What is needed: Only the lines from the one with "Det finns verkligen" through the last line of the material below belong in the answer, copied exactly and without pictures.

Data shown:
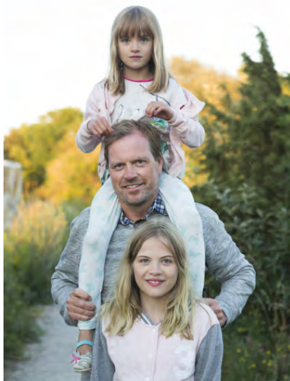
Text & foto: JONAS HENNINGSSON

Det finns verkligen ett Gotland för alla. Ön är väldigt olika beroende på vilken del man utforskar. Somliga dras med i Visbys hektiska sommartempo. Andra lockas av Sudrets majestätiska natur, en del längtar till östkustens många långsträckta stränder. Några kan inte vänta på att få dra norrut och hoppa på den lilla färjan till Fårö för den lilla utpostens lockelser.
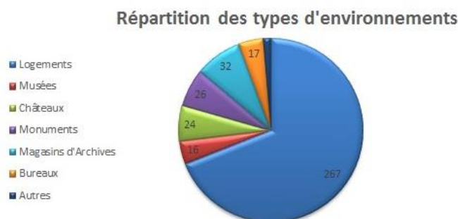
Figure 1 : Distribution des différents types d'environnements ayant servi à la validation de l'ICF

Afin de valider l'indice, les analyses de 387 environnements ont été utilisées. La Figure 1 recense les différents types d'environnements employés pour caractériser l'indice.

Task result:
Det finns verkligen ett Gotland för alla. Ön är väldigt olika beroende på vilken del man utforskar. Somliga dras med i Visbys hektiska sommartempo. Andra lockas av Sudrets majestätiska natur, en del längtar till östkustens många långsträckta stränder. Några kan inte vänta på att få dra norrut och hoppa på den lilla färjan till Fårö för den lilla utpostens lockelser.
Figure 1 : Distribution des différents types d'environnements ayant servi à la validation de l'ICF

Afin de valider l'indice, les analyses de 387 environnements ont été utilisées. La Figure 1 recense les différents types d'environnements employés pour caractériser l'indice.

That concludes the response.